From 1930 to 1931, Hogan served as president of the Washington Lawyers' Club, and from 1932 to 1933, he was president of the District of Columbia Bar Association. In 1932, he organized the entertainment for the ABA when it held its 55th annual meeting in Washington, D.C., and so became interested in its national organization. He was elected to its executive committee in 1933, served on the budget committee, and helped to create the ABA's House of Delegates in 1936.

He became the first DC lawyer to serve as president of the ABA when he was unanimously elected in 1938. During his tenure, he created the Committee on the Bill of Rights. Among other things, it filed an amicus brief in Hague v. Committee for Industrial Organization, an important case on freedom of assembly. Hogan also supported the conservative Walter-Logan bill, which was passed by Congress and would have imposed strict constraints on federal administrative agencies if it had not been vetoed by Franklin Roosevelt. A precursor to the Administrative Procedure Act, the bill was criticized by some as an attempt to undermine the New Deal.

== 1938 radio address ==
On December 11, 1938, under the auspices of the General Jewish Council, Hogan denounced racial and religious intolerance in a half-hour speech aimed at fellow Catholics. Titled "An American Catholic Speaks on Intolerance", Hogan's speech was interpreted as a rebuke of Charles Coughlin, an antisemitic priest whose weekly radio broadcasts were attracting millions of listeners across the country. Although Hogan did not mention Coughlin by name, the implication was clear since his speech was aired on the same 34 radio stations used by Coughlin immediately following Coughlin's regular broadcast.

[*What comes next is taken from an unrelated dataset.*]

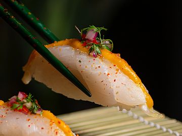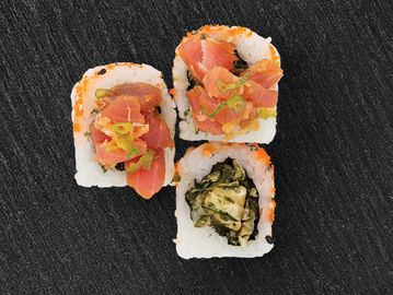 Atún macerado en salsa ligeramente picante, aguacate, cebollín y masago. 10 unds.

Upon the unquestionable authority of Pius the Eleventh, as given to the world in his public utterances, I speak today to refute any idea that anyone who preaches racial or religious intolerance speaks for the Catholic laymen or the Catholic priesthood. ...

[O]ne hate breeds another. Wherever Jews are persecuted, there too other creeds and races will sooner or later be persecuted. This was true of the Ku Klux Klan in our own country, the Klan whose hatred was not limited to Catholics, but included Jews and Negroes as well.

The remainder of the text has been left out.